# Ariens 921034 Deluxe 28+



## RattlerGUNZ (Nov 3, 2013)

Finally got the new blower this morning  Shes a beauty,well built all steel frame, B&S 305cc motor, handwarmers, X-Trac tires.Cant wait for the first major storm


----------



## Garnetmica (Oct 27, 2013)

Congrats and welcome!


----------



## loneraider (Oct 26, 2013)

Welome to the Ariens forum. 

Give her a nice coat of wax, change the oil,i use mobil 1 5w30.
do the belt run it & adjust it,make sure the augers have lots of grease and 
you should be all set for winter..


----------



## Blue Hill (Mar 31, 2013)

She's a beauty Gunz!
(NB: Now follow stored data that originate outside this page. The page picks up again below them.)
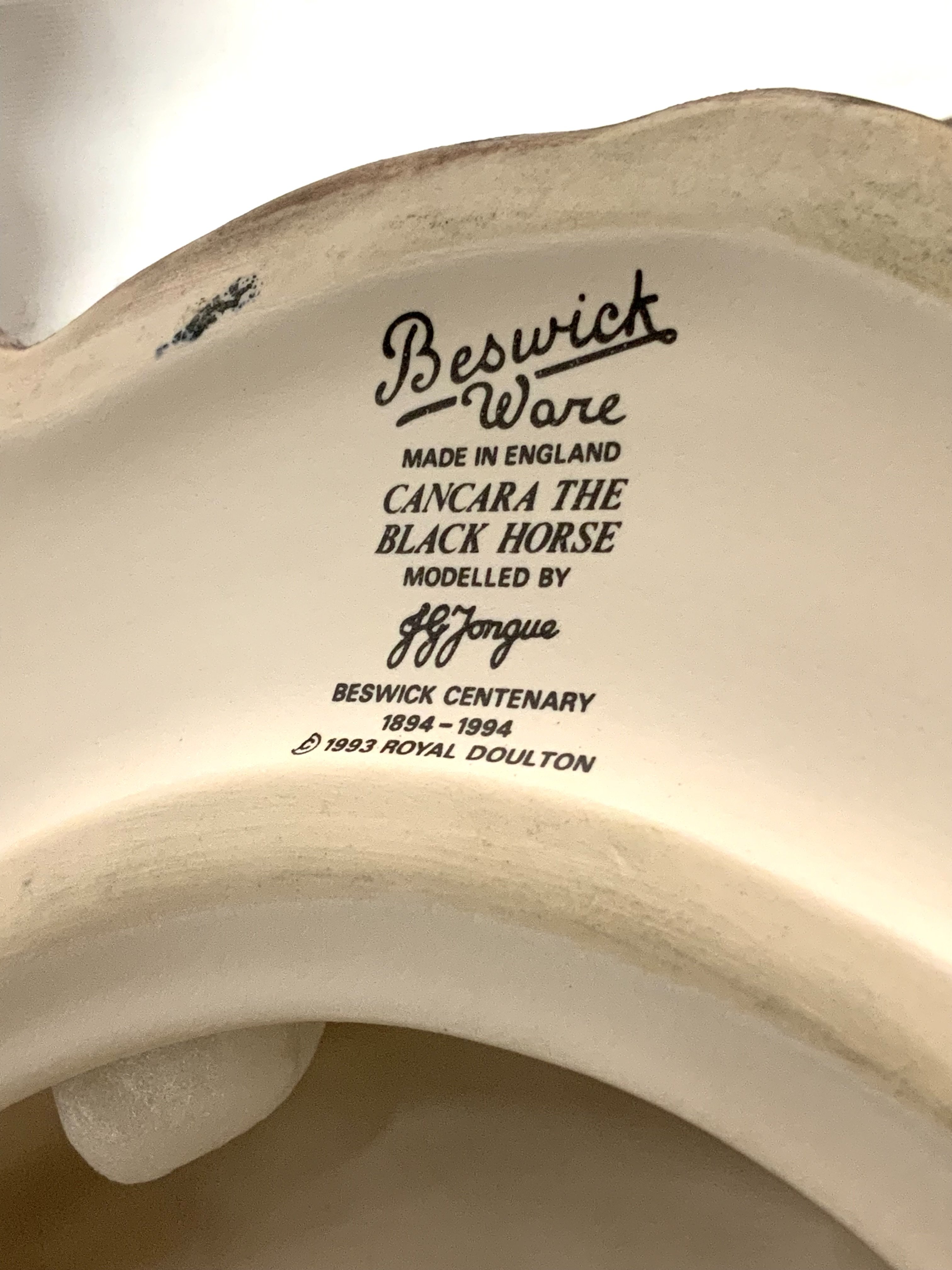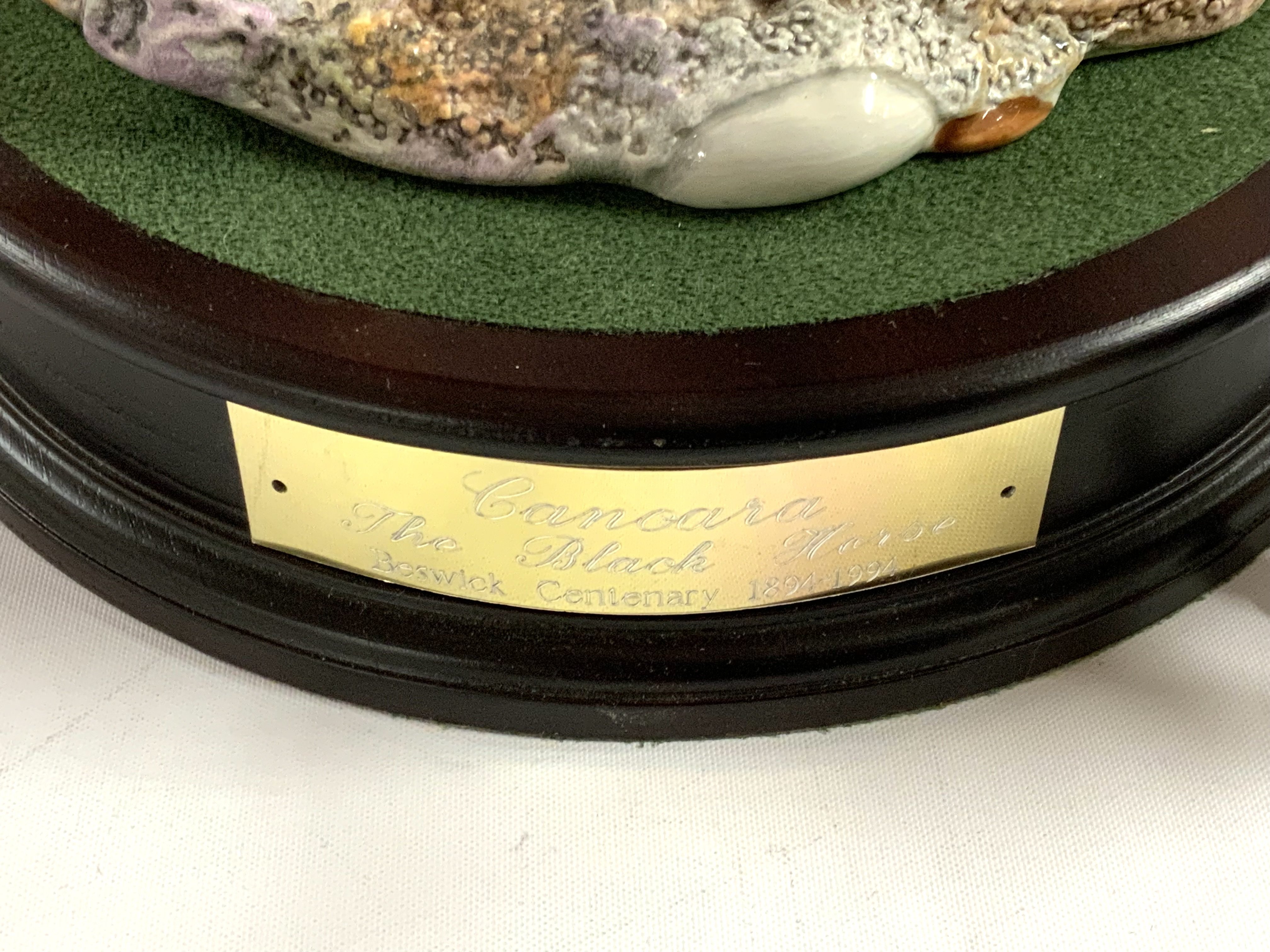 A large Beswick rearing horse named Cancara The Black Horse, Centenary 1894-1994, with base (2 boxes) additional small beswick horse. (D)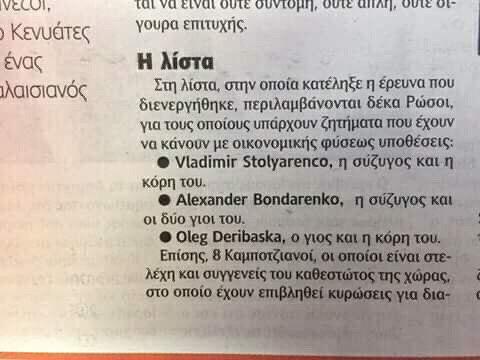 Так, кроме самого Дерипаски, гражданства Кипра также лишили его сына и дочь, а также экс-руководителей компании "Еврофинанс" Владимир Столяренко и Александр Бондаренко. Последних подозревают в России в мошенничестве, в связи с чем они были объявлены в международный розыск.
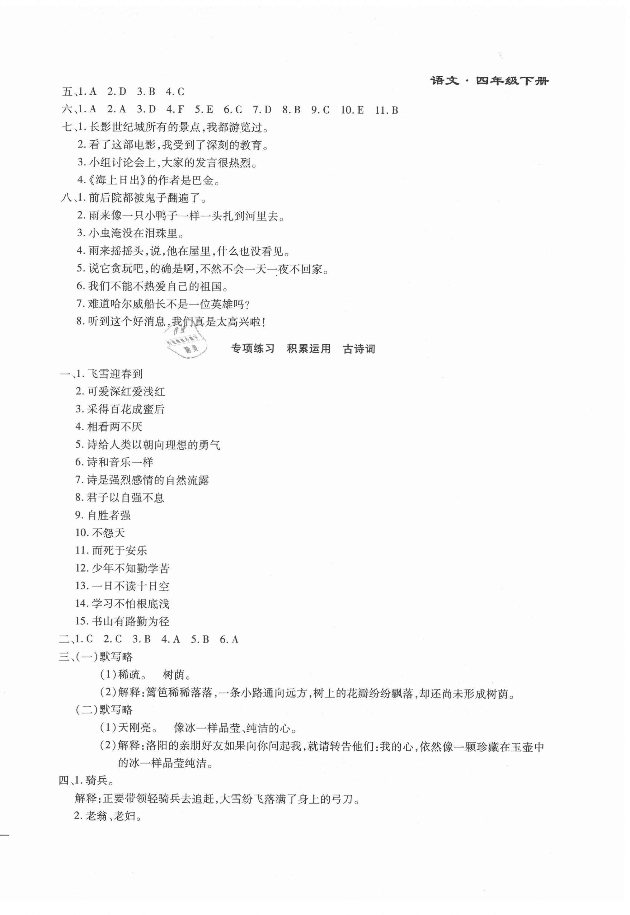 注:目前有些书本章节名称可能整理的还不是很完善,但都是按照顺序排列的,请同学们按照顺序仔细查找。练习册 2021年千里马单元测试卷四年级语文下册人教版 答案主要是用来给同学们做完题方便对答案用的,请勿直接抄袭。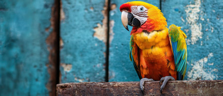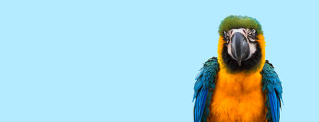 Happy blue gold macaw parrot bird on isolated blue color background, banner size
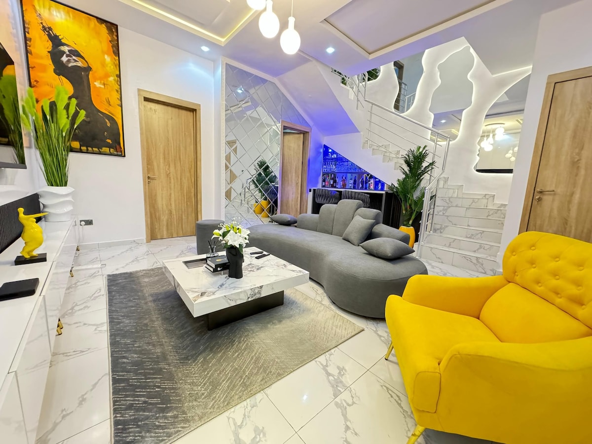 The whole group will enjoy easy access to everything from this centrally located place. Luxury home available for short let, 2 bedroom with Internet and 27/7 pwer supply with solar system. Home away from home experience. GYM, swimming pool, game house, electric car charger system, and two car packs space.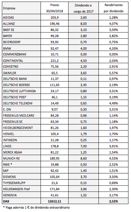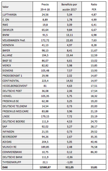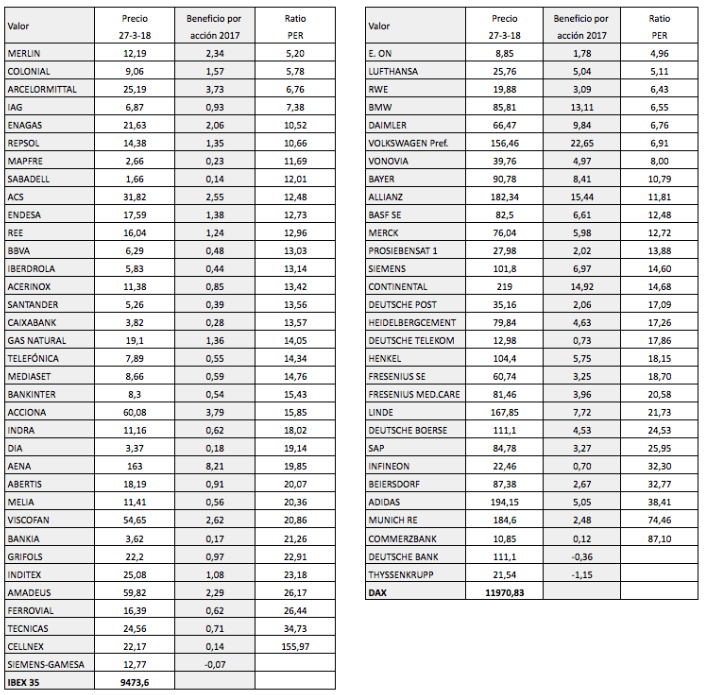 Los datos indicados en el cuadro corresponden al cierre del viernes 11 de diciembre. Ese día, el IBEX-35 cerró a 9.630,7 puntos y el DAX a 10.340,06 puntos.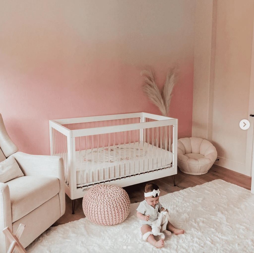 An ombre accent wall? Absolutely gorgeous! This pink nursery found on @worldkindbrand makes a stunning statement, and is accented by textured ottomans and a plush rug in bright white.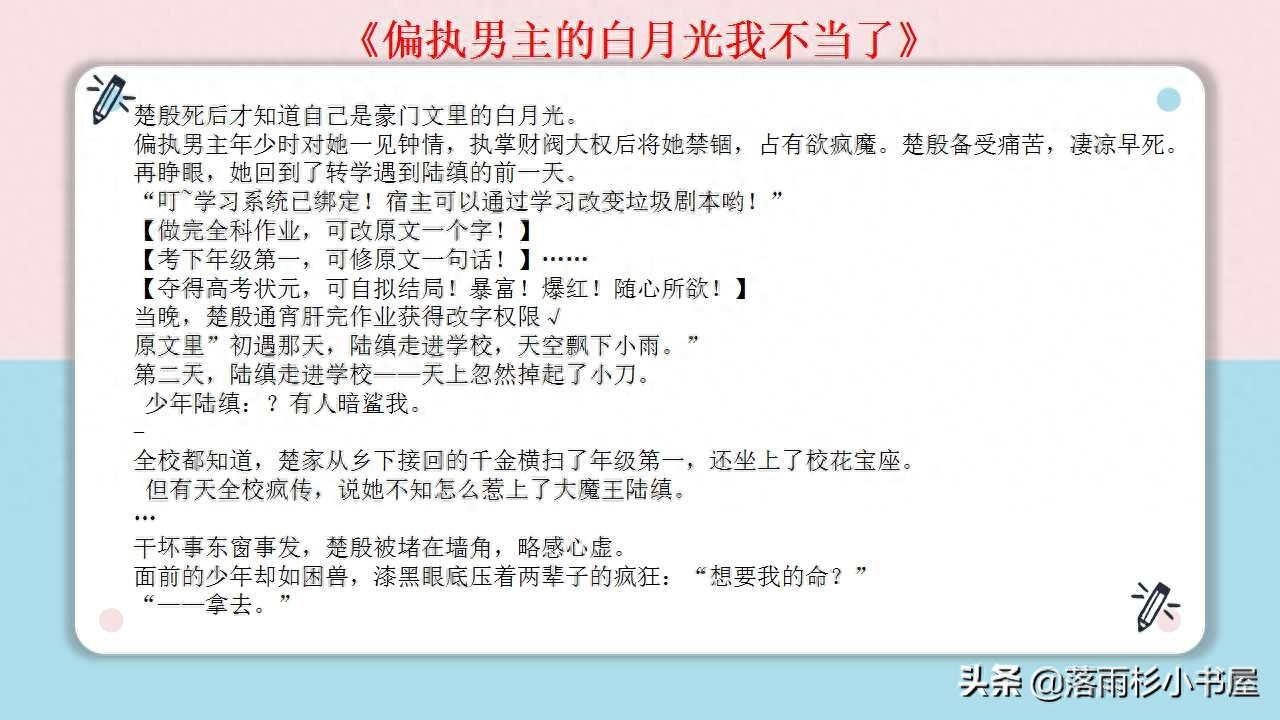 楚殷是小说里的短命白月光,上辈子在陆缜身边郁郁寡欢。死后重来,她拥有了一个能够通过学习篡改剧情的金手指。这辈子她不要再做短命的白月光,发奋学习,自立自强,这辈子逆天改命,最终揭开上辈子的谜团,拿稳幸福女主剧本。

I know just how you're feeling right now. Let it snow!
Larry


----------



## RattlerGUNZ (Nov 3, 2013)

loneraider said:


> Welome to the Ariens forum.
> 
> Give her a nice coat of wax, change the oil,i use mobil 1 5w30.
> do the belt run it & adjust it,make sure the augers have lots of grease and
> you should be all set for winter..


Did the belt run & adjust belts, augers have lots of grease.Only have to wax and change oil after 5 hour run,I use Mobil 1 5w30 also.


----------



## RattlerGUNZ (Nov 3, 2013)

Garnetmica said:


> Congrats and welcome!


Thanks Garnet


----------



## RattlerGUNZ (Nov 3, 2013)

Blue Hill said:


> She's a beauty Gunz! I know just how you're feeling right now. Let it snow!
> Larry


Thanks Larry, yeah let it S N O W !!!


----------



## RattlerGUNZ (Nov 3, 2013)

Just found this on Ariens facebook 

Ariens Fuel Stabilizer & Ethanol Treatment - Purchase from your nearest Ariens dealer. Product #04730400.


----------



## Blue Hill (Mar 31, 2013)

I wonder how it compares to Seafoam.


----------



## papa_smurf49319 (Feb 6, 2011)

I always change my oil after I let the engine idle for 10 or so mins the first time. I do this incase there's any machining leftovers hidden inside. I do this on all my new stuff. You'd be suprised what comes out sometimes.


----------